The removal of the tree from its spot known as “Sycamore Gap,” a pronounced dip in Hadrian’s Wall, in September 2023 sparked global outrage. Sycamore Gap was considered one of the most photographed trees in England and was made famous to millions when it appeared in Kevin Costner’s 1991 blockbuster film “Robin Hood: Prince Of Thieves.”

In May, two men were found guilty of criminal damage for felling the landmark tree.

Now, a section of it will be put on permanent display at The Sill: National Landscape Discovery Centre, about two miles (three kilometers) from where it once stood.

The UK’s National Trust gave the largest remaining piece of the salvaged trunk to the Northumberland National Park, where the tree was located.

“In the days and months after the tree was felled, The Sill became a place of celebration and memory. Visitors left post-it notes, letters, drawings and messages expressing grief, love, and hope,” the park said in a press release Thursday.

A public consultation was held in the aftermath of the felling on the future of the tree trunk. “The resulting exhibit honours the tree’s natural form while inviting people to engage with it in a deeply personal way,” The Sill said in a press release Thursday.

Tree trunk ‘is huggable’

The trunk is positioned upright, as it once was, and is surrounded by tree oak benches and streams of wood bent to form a canopy in the shape of a huge leaf – recreating the shelter the tree once offered for people to sit and reflect.

Some tributes from the local community have been carved into the wood.

“The original tree may be gone in the form we knew it, but its legacy remains, and what has come since has been endlessly positive, affirming our belief that people nature and place cannot be separated and are interdependent,” said Tony Gates, chief executive of Northumberland National Park Authority, in the release.

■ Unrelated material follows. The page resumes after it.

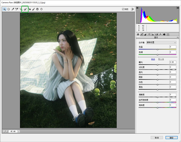3、自动识别图像中合焦的区域并建立选区,适合人像摄影等需要突出主体的后期处理。

“This commission has been the biggest honour of my career,” said Charlie Whinney, the artist behind the new exhibition, in the release.

“I really hope what we’ve done in some small way allows the people of Northumberland and those who held this tree close to their hearts to process the loss they still feel from that day in September 2023, when the tree was illegally cut down,” he added.

“The work looks forward with hope, the tree is regrowing, and Sycamore Gap will always be a magical place to visit,” Whinney continued.